What this task involves —
In your copy of the data, omit the pictures and keep all else exactly as given.

Data for review —
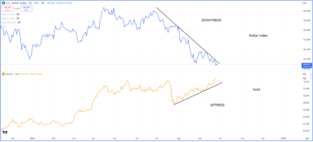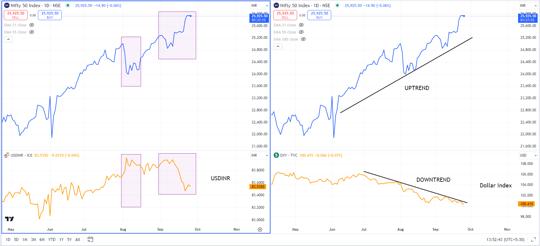 Figure 5.54 Daily chart of Nifty 50, USDINR and Dollar Index
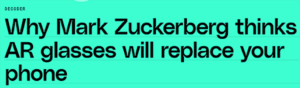 Zuck thinks AR smart glasses will be the “next major tech platform” and could well replace the smartphone, or at least supplement it the way smart watches do.
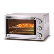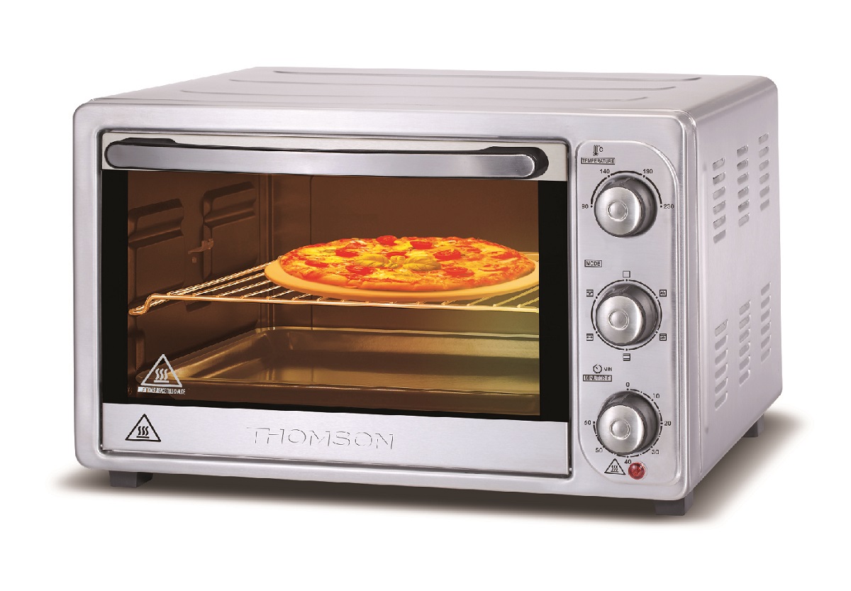 Convection naturelle, Fonction gril, Rôtisserie, Chaleur tournante, Minuterie jusque 60 min, Arrêt automatique, Livré avec pierre à pizza, grille chromée, lèche-frite, poignée et tournebroche
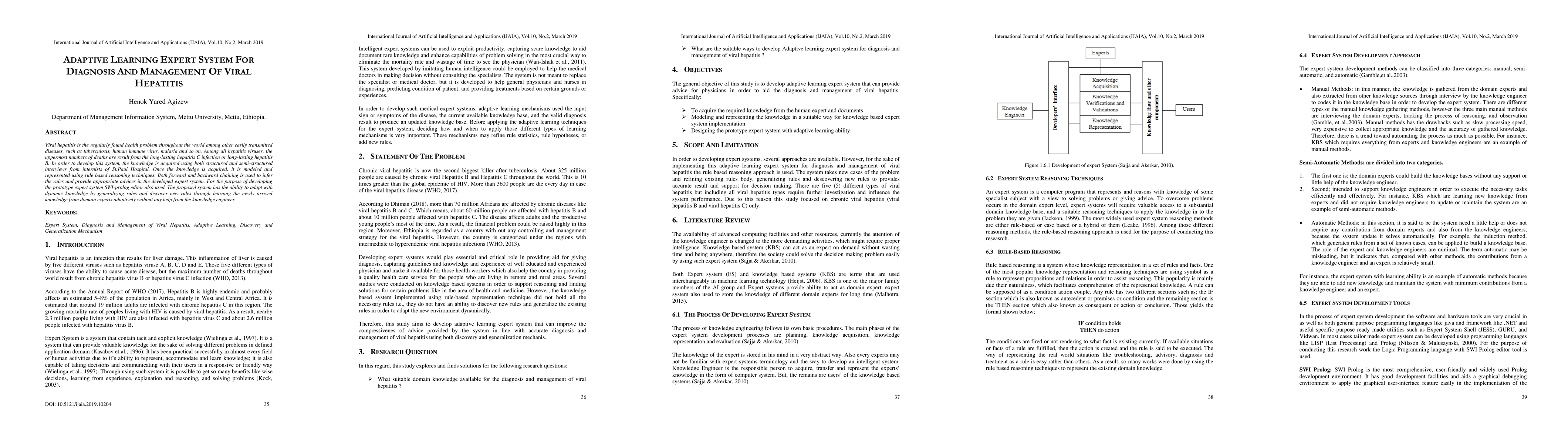 This paper presents an adaptive learning expert system for diagnosing and managing viral hepatitis, utilizing knowledge from internists to model rule-based reasoning. The system employs forward and backward chaining, and uses SWI-prolog for prototyping, with the capability to dynamically adapt by generalizing and discovering new rules from domain experts.
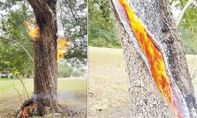 在雷电暴雨天气中,美国得克萨斯州一棵大树被闪电击中。树干被劈开,内部起火燃烧,犹如熔岩流动。
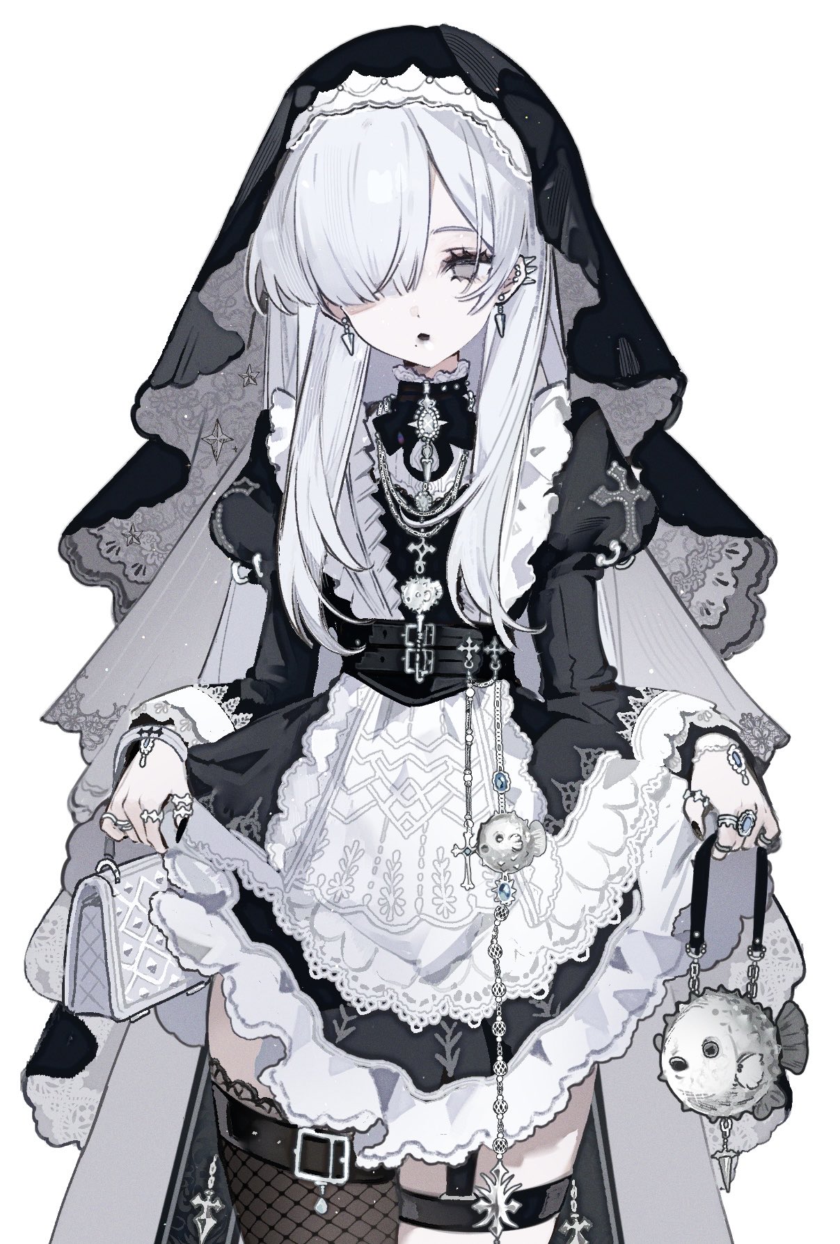 1girl anomalycollon black_veil clothes_lift commentary dress earrings english_commentary fish fishnet_pantyhose fishnets hair_over_one_eye highres jewelry long_hair nun original pantyhose puffer_fish simple_background skirt skirt_lift solo veil white_background white_dress white_hair
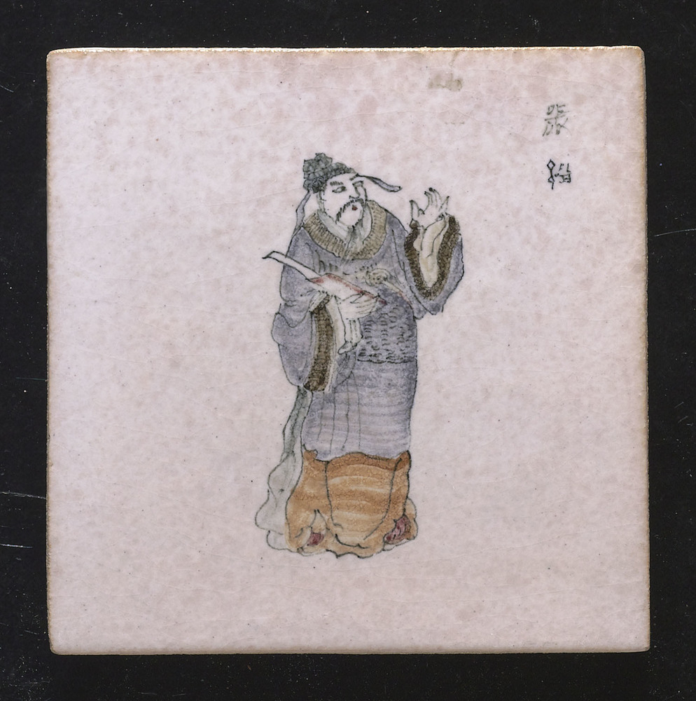 Tegel van keramiek, tinglazuur, voorstellende een Ch...
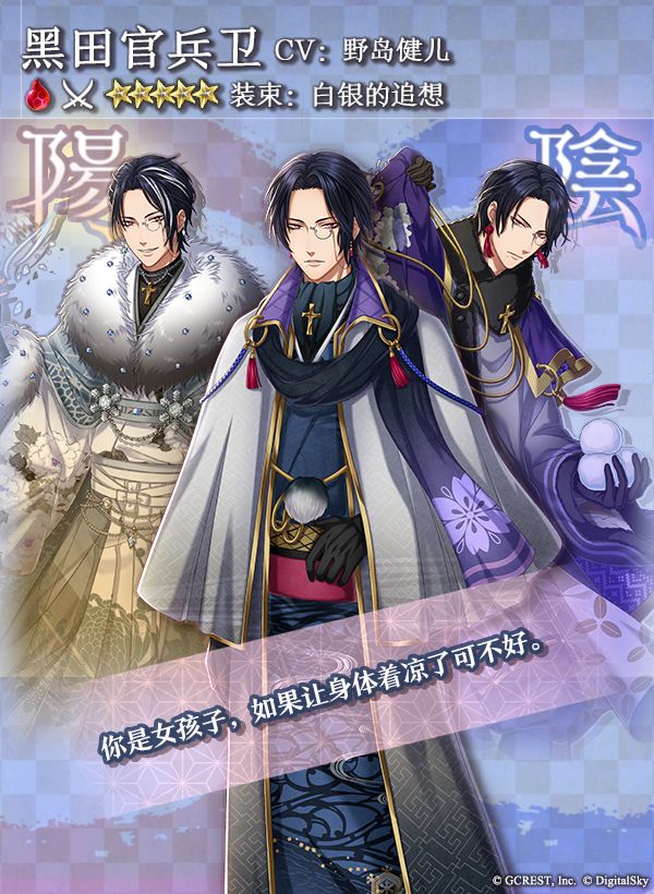 ★5 黑田官兵卫(CV:野岛健儿) 装束:白银的追想
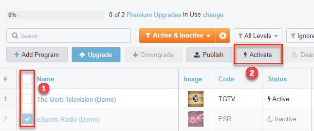 - Place a check mark next to the Program(s) you want to activate. Use the checkbox at the top to select all displayed Programs.
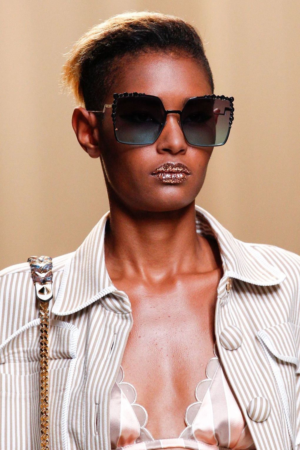 Σαν ένα καινούργιο look έμοιαζε το κοντό με τον απόλυτο συνδυασμό ενός glitter lip και γυαλιά αρκετά μεγάλα ήταν the way to go! Το pixie cut είναι ότι πιο in για τα κοντά μαλλιά, πιο θηλυκό όμως με την λεπτομέρεια της φράντζας. Είδαμε μαλλιά κοντά σε μήκος, με τα μισά από την μία πλευρά slicked-back ή ξυρισμένα και από την άλλη μεριά με όγκο και τέλος τα μαλλιά με απίστευτα κοντό μήκος που θα έλεγε κανείς… go short or go home!
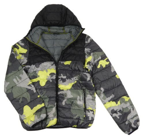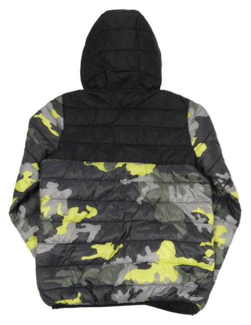 Sivo-limetovo-čierna army šušťáková prešívaná zateplená bunda s kapucňou Next

Task answer —
 Figure 5.54 Daily chart of Nifty 50, USDINR and Dollar Index
 Zuck thinks AR smart glasses will be the “next major tech platform” and could well replace the smartphone, or at least supplement it the way smart watches do.
 Convection naturelle, Fonction gril, Rôtisserie, Chaleur tournante, Minuterie jusque 60 min, Arrêt automatique, Livré avec pierre à pizza, grille chromée, lèche-frite, poignée et tournebroche
 This paper presents an adaptive learning expert system for diagnosing and managing viral hepatitis, utilizing knowledge from internists to model rule-based reasoning. The system employs forward and backward chaining, and uses SWI-prolog for prototyping, with the capability to dynamically adapt by generalizing and discovering new rules from domain experts.
 在雷电暴雨天气中,美国得克萨斯州一棵大树被闪电击中。树干被劈开,内部起火燃烧,犹如熔岩流动。
 1girl anomalycollon black_veil clothes_lift commentary dress earrings english_commentary fish fishnet_pantyhose fishnets hair_over_one_eye highres jewelry long_hair nun original pantyhose puffer_fish simple_background skirt skirt_lift solo veil white_background white_dress white_hair
 Tegel van keramiek, tinglazuur, voorstellende een Ch...
 ★5 黑田官兵卫(CV:野岛健儿) 装束:白银的追想
 - Place a check mark next to the Program(s) you want to activate. Use the checkbox at the top to select all displayed Programs.
 Σαν ένα καινούργιο look έμοιαζε το κοντό με τον απόλυτο συνδυασμό ενός glitter lip και γυαλιά αρκετά μεγάλα ήταν the way to go! Το pixie cut είναι ότι πιο in για τα κοντά μαλλιά, πιο θηλυκό όμως με την λεπτομέρεια της φράντζας. Είδαμε μαλλιά κοντά σε μήκος, με τα μισά από την μία πλευρά slicked-back ή ξυρισμένα και από την άλλη μεριά με όγκο και τέλος τα μαλλιά με απίστευτα κοντό μήκος που θα έλεγε κανείς… go short or go home!
 Sivo-limetovo-čierna army šušťáková prešívaná zateplená bunda s kapucňou Next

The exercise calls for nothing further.